Your retirement security depends on understanding that averages are meaningless when the sequence goes wrong. The 12% CAGR that built your wealth can become the 12% average that destroys it—if the bad years come at the wrong time.

The Bottom Line

The next time someone shows you a linear SIP projection, ask them about sequence of returns risk. If they change the subject or seem confused, you know you're talking to the wrong person.

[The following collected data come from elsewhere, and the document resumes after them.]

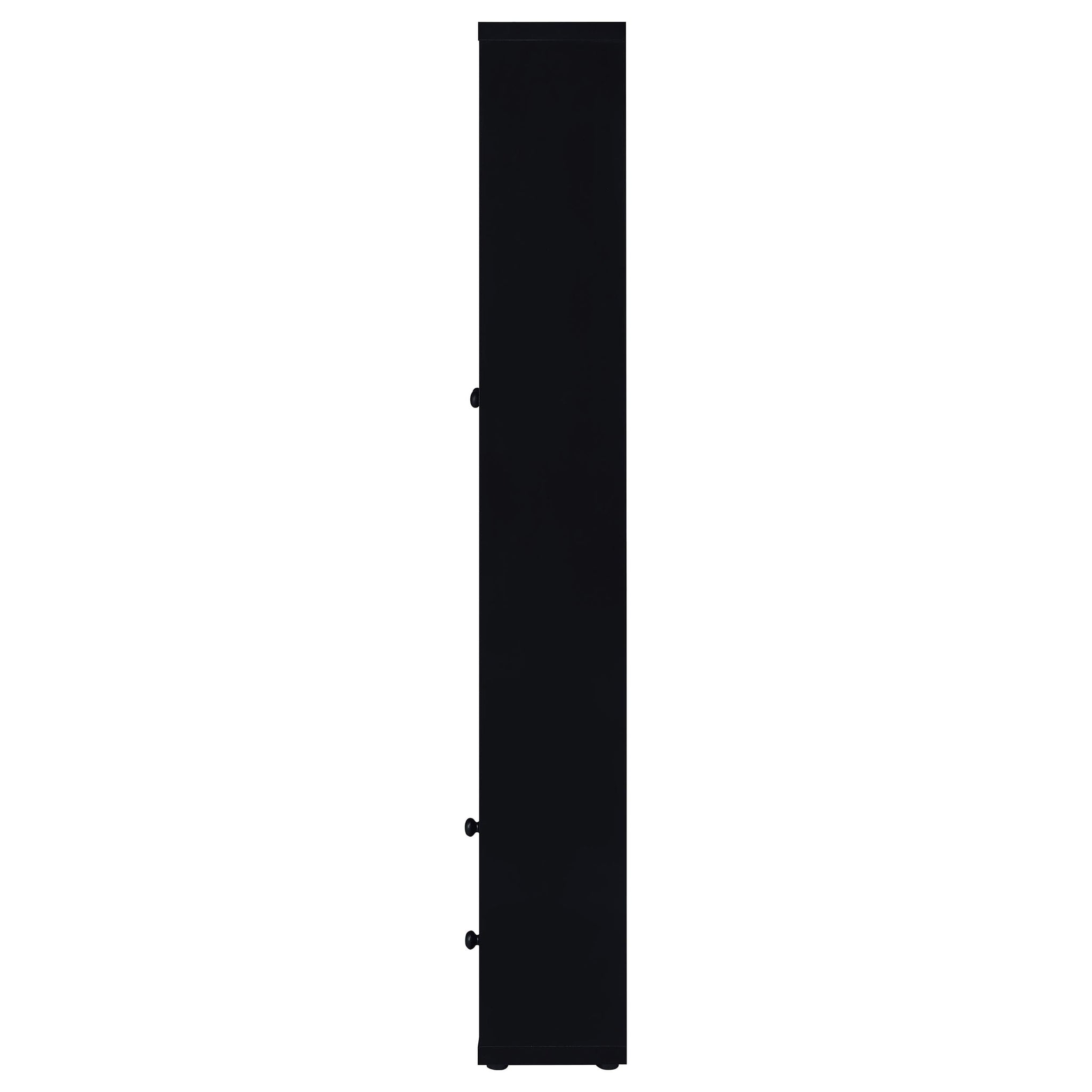 Glass doors are a key feature on a modern accent cabinet that blends into a variety of decors and living spaces. Providing four shelves for showing off everything from glassware to travel souvenirs, the cabinet features wood framed glass doors. They open to reveal two stationary and two adjustable shelves to accommodate all manner of items. In the base of the cabinet, two drawers add concealed storage, perfect for linens in the dining room, games in the den, and much more. The cabinet shows off a streamlined silhouette with petite round knobs that add the barest hint of texture and dimension to a neutral finish.
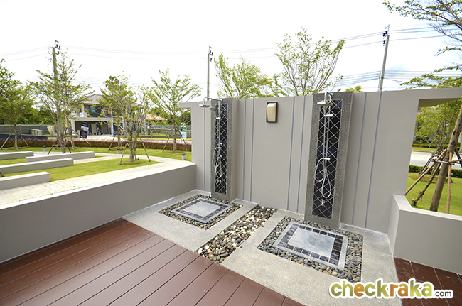 - ตัวโครงการโดยรวมและส่วนกลาง - แม้ว่าด้านหน้าของโครงการจะติดกับถนนใหญ่ แต่ตัวส่วนกลาง และบริเวณที่อยู่อาศัยจะอยู่ลึกเข้าไปอีกประมาณ 400-500 เมตร ถ้ามีรถส่วนตัวเข้า-ออกก็ไม่มีปัญหา เนื่องจากตัวบ้านที่ไม่ติดถนนใหญ่ทำให้มีความสงบ และเป็นส่วนตัวมากขึ้นเพราะจะลดเสียงจากการจราจร และฝุ่นควันได้มากทีเดียว พื้นที่โครงการทั้งหมดคือประมาณ 40 ไร่ และมีจำนวนบ้าน 186 หลัง เท่าที่เราเดินดูบรรยากาศภายในโครงการถือว่าไม่หนาแน่น เพราะบ้านหลายหลังพื้นที่ไม่ได้ใหญ่โตนัก ประกอบกับถนนภายในโครงการถือว่ากว้างใช้ได้ ทำให้บรรยากาศในโครงการดูสบายๆ ไม่ดูอึดอัด หรือหนาแน่น ส่วนกลางของโครงการถือได้ว่าเป็นจุดเด่นอย่างหนึ่ง เพราะมีให้ครบเลยทั้งคลับเฮ้าส์ขนาดใหญ่ดีไซน์ดูดี ที่มีทั้งสระว่ายน้ำ ฟิตเนส และสวนพักผ่อนสีเขียวรอบๆ คลับเฮ้าส์ แต่น่าเสียดายนิดนึงว่าสวนสาธารณะน่าจะมีอีกสักหนึ่งจุดสำหรับบ้านที่อยู่ด้านใน เพราะถ้ามี ก็จะทำให้บ้านที่อยู่ด้านในโครงการได้ความร่มรื่น และใกล้ชิดกับพื้นที่สีเขียวได้มากกว่านี้อีก
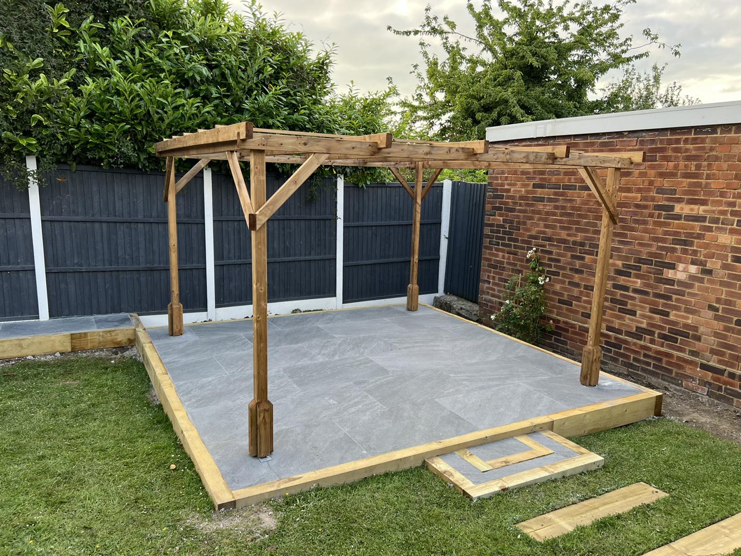 Transformed outdoor space with two patios and a beautiful pergola installation.
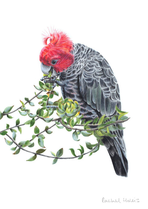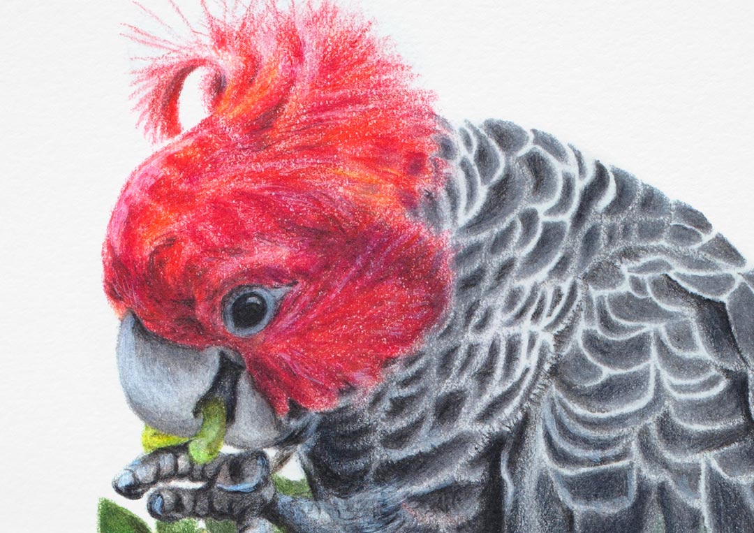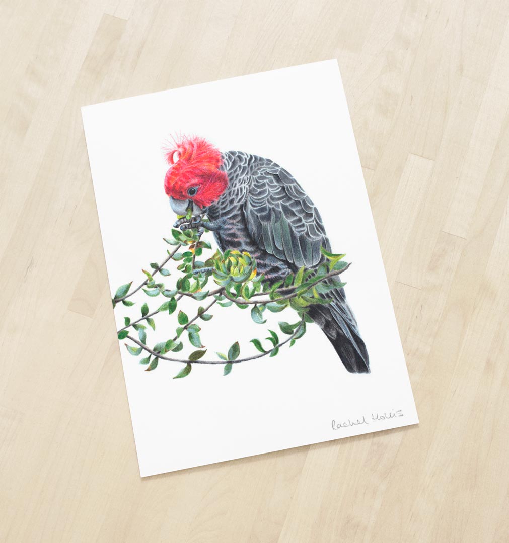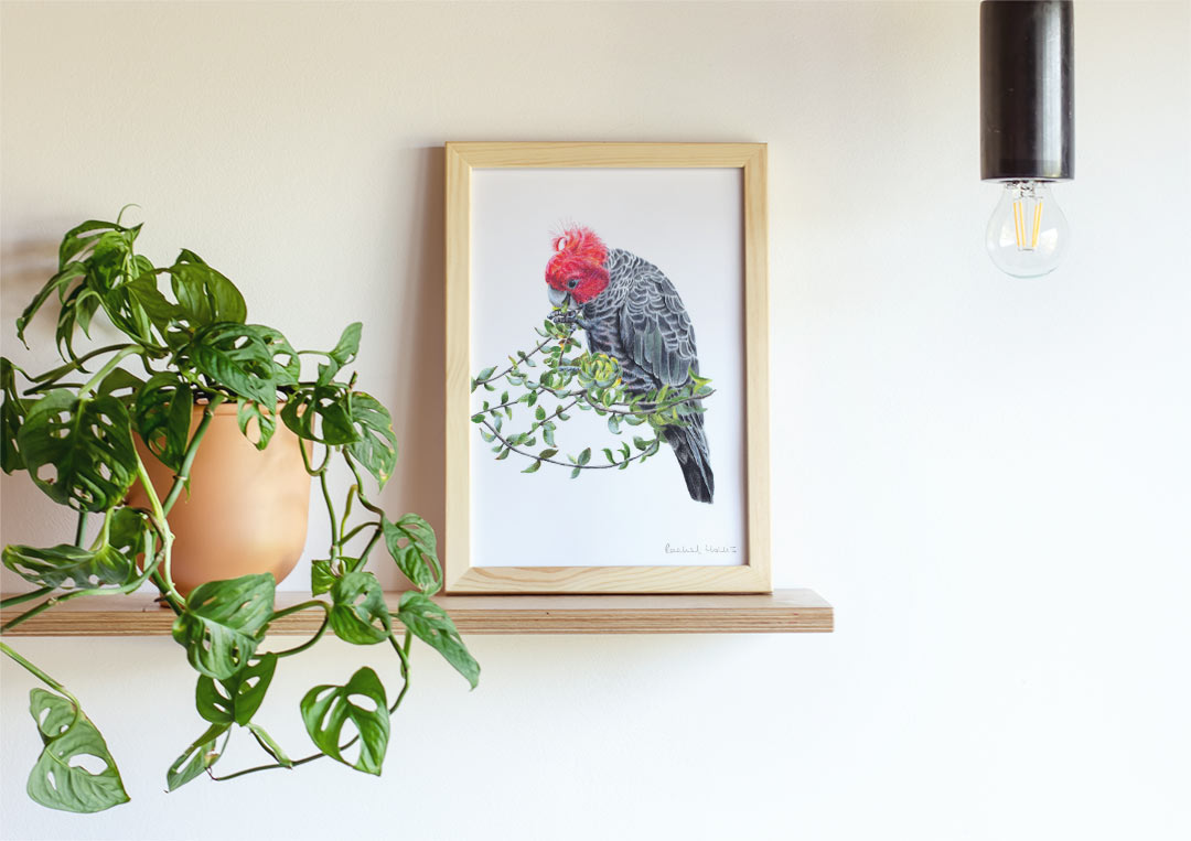 This fine art print features a male Gang-gang Cockatoo feeding in a native Australian shrub.

Indian investors deserve better than pretty charts and false promises. Your retirement is too important to base on the dangerous myth of linear returns.

The math is unforgiving. The market doesn't care about your retirement timeline. But with proper planning, you can protect yourself from sequence risk and secure your financial future.

In the Indian context, sequence of returns risk isn't just about portfolio theory—it's about whether you can afford your medications at 75. Plan accordingly.


Sequence of returns risk affects every Indian investor, whether you're doing SIPs in mutual funds or planning retirement withdrawals. Don't let linear thinking destroy decades of disciplined investing.